Literature pollution versus continually retreading the same ground

November 23, 2010

On perusing NIGMS Director Berg’s latest post on the relationship between research funding and the number of resulting publications (original, related) I noticed this comment.

Using these kinds of metrics only encourages incremental publications and other forms of literature pollution.

I never understand such remarks and I am looking for my readers to ‘splain to me exactly what the problem is here.

As Scicurious was just remarking thankfully, we live in an era in which the ability to rapidly find publications that present scientific data on a given topic is quite good. Far superior to what was available only 2-3 short decades ago. To some extent the more focused the data in a single paper are, the easier it is to actually find. Why? Because the Abstract that is available in PubMed is limited and the more you squeeze into the paper, the less reflective the Abstract (or Title for that matter) can be. So you run the risk of missing a figure that might be really important to your work if it was only a tangential part of a particular paper.

When I am building a scientific argument or rationale, whether in my own head, for a grant application or for a scientific manuscript, I am looking to sort through specific findings in a synthetic manner. I am focused on Figure 3 from Publication A; Figure 1 from Publication B; Table 2 from Publication C; off-hand remark in Publication D…etc. All leavened by caveats X, Y or Z about the methodologies, controls or limits that attend each paper. That’s how we come to a greater understanding of the natural world.

We most certainly do not increase our understanding in a fundamental way because a single article in Science or Nature, jampacked with poorly described, unvalidated, weakly controlled data from machines that go Ping! knocks it out of the park. We don’t.

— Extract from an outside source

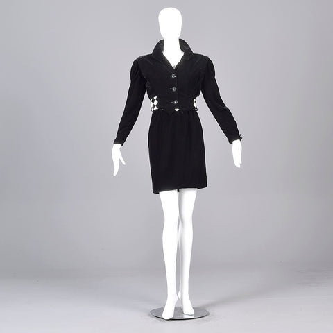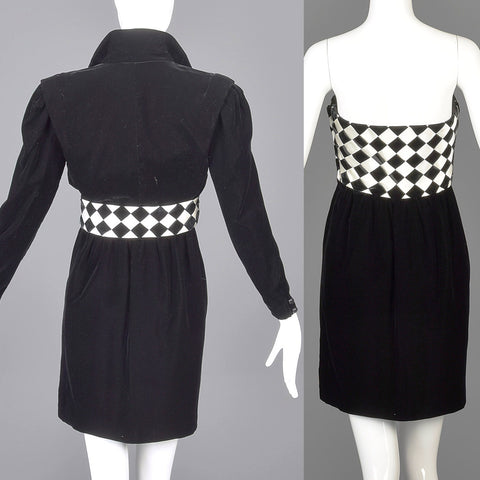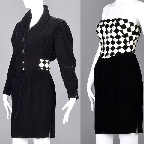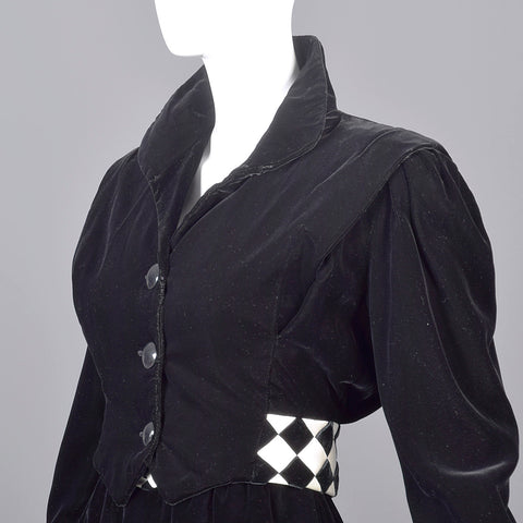 1980s Victor Costa Black Velvet Cocktail Dress with Bolero Jacket

The knock-your-socks-off pubs are unbelievably infrequent in contrast to the publishing rate for Nature or Science.

Once upon a time I read a lot of literature in the Journal of Experimental Psychology titles and the Journal of the Experimental Analysis of Behavior. Oh. My. God. you wanna talk about some navel inspecting, Bunny Hopping, internally focused academic fields? I still have scars. Anyway, those journals (especially JEAB) would contain papers with unending numbers of microscopically-different experiments on how many angels could dance on the head of a pin how pigeons pecked at keys to get grain under different conditions. Or how rats pressed a lever for a food pellet. Let me tell you, those people thought that this was the only way to publish proper science. To knock it out of the park with pedantry on each and every manuscript that was published.

And they were just as wrong about the way fundamental understanding of a scientific topic advances.

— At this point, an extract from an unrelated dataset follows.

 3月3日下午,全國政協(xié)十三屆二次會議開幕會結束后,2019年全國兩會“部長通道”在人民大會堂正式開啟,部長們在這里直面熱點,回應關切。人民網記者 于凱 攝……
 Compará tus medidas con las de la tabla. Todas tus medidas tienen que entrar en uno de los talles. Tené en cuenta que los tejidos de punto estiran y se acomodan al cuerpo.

Science advances by data. Step by step, built on the random walks that motivate individual members of the scientific workforce. Pulled together in synthesis by those self-same workers as they move on to their next studies.

So I return to this comment about incremental publication and pollution of the literature to wonder- where is the cost? What does it hurt to publish “incrementally”? This notion of “a complete story” is fiction. And not even a very believable fiction.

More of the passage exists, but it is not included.